Voici encore une manifestation de protestation de populations suivie de morts.
C’est inadmissible. C’est inacceptable.
Je m’incline pieusement devant la dépouille des deux personnes mortes à Khossanto et je présente mes sincères condoléances à leurs familles.
J’exprime ma compassion aux personnes blessées et aux personnes dont les biens ont subi des dommages.
Le maintien de l’ordre depuis quelques années pose un grave problème dans notre pays.
En effet les opérations de maintien de l’ordre sont régulièrement accompagnées de pertes en vies humaines.
J’ai posé une question qui est toujours restée sans réponse. Je la réitère :
Qui tue les manifestants?
Les personnes qui tuent les manifestants doivent être identifiées, démasquées, traduites devant la justice et condamnées à des peines exemplaires pour que cela ne se reproduise plus.
Tant que cela ne sera pas fait, tant que ces meurtriers ne seront pas mis hors d’état de nuire, nous aurons une suspicion légitime sur la culpabilité ou la complicité d’éléments des forces de maintien de l’ordre.

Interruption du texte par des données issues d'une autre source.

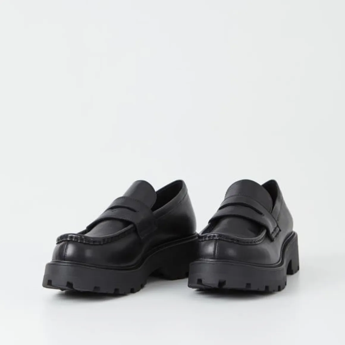 Denne Cosmo 2.0 loaferen fra Vagabond er full av karakter, og et chunky tillegg til skosamlingen. Den helt svarte overdelen er laget av glatt skinnsett på en 45 mm solid såle for en subtil løfting. Funksjonene inkluderer klassiske, synlige sømmer og konturerte øre-stropper over øvre del.

Les forces en charge du maintien de l’ordre doivent pour leur honneur, leur dignité et leur crédibilité extirper ces éléments de leurs rangs si tel était le cas.
Nous n’avons pas sur cette terre quelque chose de plus précieuse que la vie humaine.
Les pouvoirs publics doivent être les premiers à préserver la vie humaine et à la sécuriser.
Il est évident que la formation de nos forces de maintien de l’ordre doit être revue de fond en comble.
Cette formation des forces de maintien de l’ordre doit accorder plus de respect au citoyen dans l’exercice de son droit constitutionnel à manifester, à sa protection et dans tous les cas à la préservation de sa dignité humaine et de son intégrité physique.
D’un autre côté les pouvoirs publics doivent faciliter la tenue de manifestations pacifiques.
Les interdictions répétitives de manifestations ne sont pas de nature à instaurer un climat de confiance entre les citoyens et les autorités administratives.
Le Préfet qui a pris l’arrêté qui a conduit aux événements d’aujourd’hui doit être démis de ses fonctions. L’État doit dédommager les populations ayant subi des préjudices.
Une enquête doit être urgemment diligentée pour établir les fautes commises et toutes les responsabilités. Le rapport de l’enquête devra être publié et le gouvernement devra en tirer toutes les conséquences.
Ces événements dramatiques de Khossanto nous rappellent encore l’impérieuse nécessité d’assurer la souveraineté de notre pays sur nos ressources extractives notamment aurifères.
Il est inadmissible que les populations qui vivent dans les terroirs dans lesquels ces ressources sont extraites soient parmi les populations les plus pauvres et les plus dépourvues d’infrastructures sociales au Sénégal.
De plus nous notons, de plus en plus, une absence de considération affirmée pour les populations des régions périphériques du nord, de l’est et du sud de notre pays.
La région de Kédougou est une région sensible car étant frontalière avec le Mali qui se bat courageusement contre le terrorisme.
J’invite le Gouvernement à prendre toutes les dispositions pour le retour au calme et à la sérénité dans cette région.
La région de Kédougou et celle de Tambacounda constituent les barrières naturelles de notre pays contre l’infiltration terroriste. Toute instabilité dans ces régions fait courir à notre pays de graves risques de contamination terroriste que nous ne souhaitons pas.
La souveraineté sur nos ressources extractives, la répartition équitable des revenues qu’elles génèrent et un aménagement équitable du territoire national sont des garants de stabilité et de paix social.